- **Given information**:
########
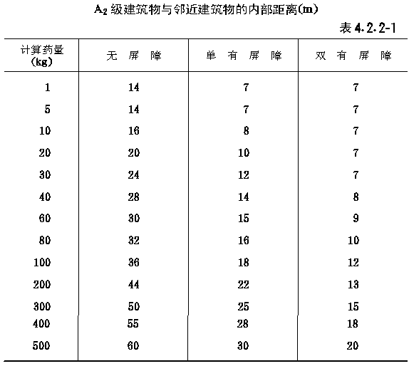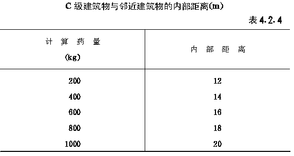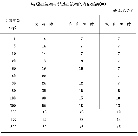 第二节 危险品生产区的内部距离 第4.2.1条 危险品生产区内各建筑物之间的内部距离,应分别按照各危险性建筑物的危险等级及其计算药量所确定的距离和本节各条所规定的距离,取其最大值。并应符合现行国家标准《建筑设计防火规范》中有关厂房防火间距的规定。 注:内部距离均自建筑物的外墙算起。 第4.2.2条 危险品生产区A级建筑物与邻近建筑物的内部距离,应符合下列规定: 一、A2级建筑物与邻近建筑物的内部距离,应按表4.2.2-1确定; 二、A3级建筑物与邻近建筑物的内部距离,应按表4.2.2-2确定。 第4.2.3条 危险品生产区A级建筑物与公用建、构筑物的内部距离,应符合下列规定: 一、与锅炉房的内部距离,应按表4.2.2-1或表4.2.2-2的要求计算后再增加50%,并不应小于100m,2t以下锅炉房不应小于50m; 二、与单建变电所、水塔、地下或半地下高位水池,有明火或散发火星的建筑物的内部距离,应按表4.2.2-1或表4.2.2-2的要求计算后再增加50%,并不应小于50m; 三、与厂区内办公室、食堂、汽车库的内部距离,应按表4.2.2-1或表4.2.2-2的要求计算后再增加50%,并不应小于65m。 第4.2.4条 危险品生产区C级建筑物可不设防护屏障,C级建筑物与邻近建筑物的内部距离,应符合表4.2.4的规定。 第4.2.5条 危险品生产区C级建筑物与锅炉房、水塔、地下或半地下高位水池、变电所、配电所,有明火或散发火星的建筑物、厂区办公室、食堂、汽车库的距离,不应小于50m。 |
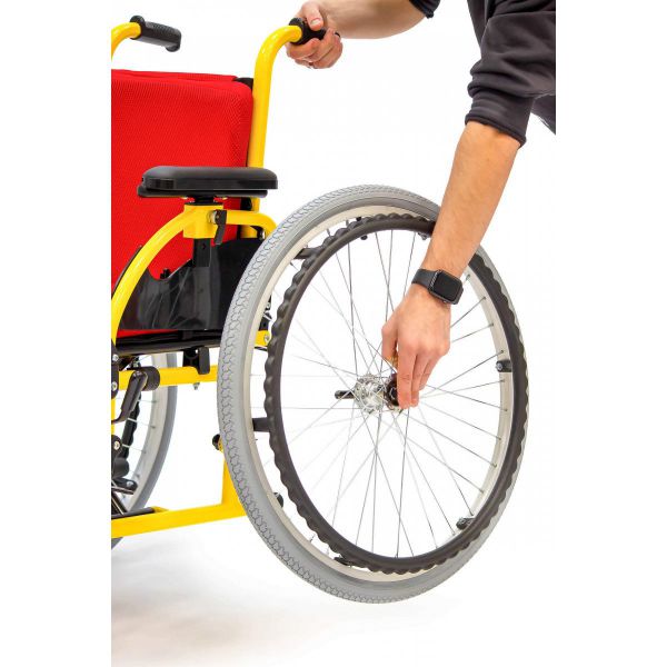 Задние колеса являются пневматическими, а передние литые. Во время остановки коляска надежно фиксируется боковыми стояночными тормозами.
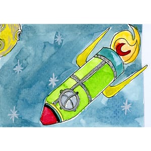 'n Tag-kaartjie en toutjie vir 'n spesiale geleentheid. Klim aan boord – ons gaan ruimte toe! Hierdie kleurvolle vuu...
########
- **Task details**: Please give back the material above exactly as written, pictures omitted.

- **Response to the task**:
 第二节 危险品生产区的内部距离 第4.2.1条 危险品生产区内各建筑物之间的内部距离,应分别按照各危险性建筑物的危险等级及其计算药量所确定的距离和本节各条所规定的距离,取其最大值。并应符合现行国家标准《建筑设计防火规范》中有关厂房防火间距的规定。 注:内部距离均自建筑物的外墙算起。 第4.2.2条 危险品生产区A级建筑物与邻近建筑物的内部距离,应符合下列规定: 一、A2级建筑物与邻近建筑物的内部距离,应按表4.2.2-1确定; 二、A3级建筑物与邻近建筑物的内部距离,应按表4.2.2-2确定。 第4.2.3条 危险品生产区A级建筑物与公用建、构筑物的内部距离,应符合下列规定: 一、与锅炉房的内部距离,应按表4.2.2-1或表4.2.2-2的要求计算后再增加50%,并不应小于100m,2t以下锅炉房不应小于50m; 二、与单建变电所、水塔、地下或半地下高位水池,有明火或散发火星的建筑物的内部距离,应按表4.2.2-1或表4.2.2-2的要求计算后再增加50%,并不应小于50m; 三、与厂区内办公室、食堂、汽车库的内部距离,应按表4.2.2-1或表4.2.2-2的要求计算后再增加50%,并不应小于65m。 第4.2.4条 危险品生产区C级建筑物可不设防护屏障,C级建筑物与邻近建筑物的内部距离,应符合表4.2.4的规定。 第4.2.5条 危险品生产区C级建筑物与锅炉房、水塔、地下或半地下高位水池、变电所、配电所,有明火或散发火星的建筑物、厂区办公室、食堂、汽车库的距离,不应小于50m。 |
 Задние колеса являются пневматическими, а передние литые. Во время остановки коляска надежно фиксируется боковыми стояночными тормозами.
 'n Tag-kaartjie en toutjie vir 'n spesiale geleentheid. Klim aan boord – ons gaan ruimte toe! Hierdie kleurvolle vuu...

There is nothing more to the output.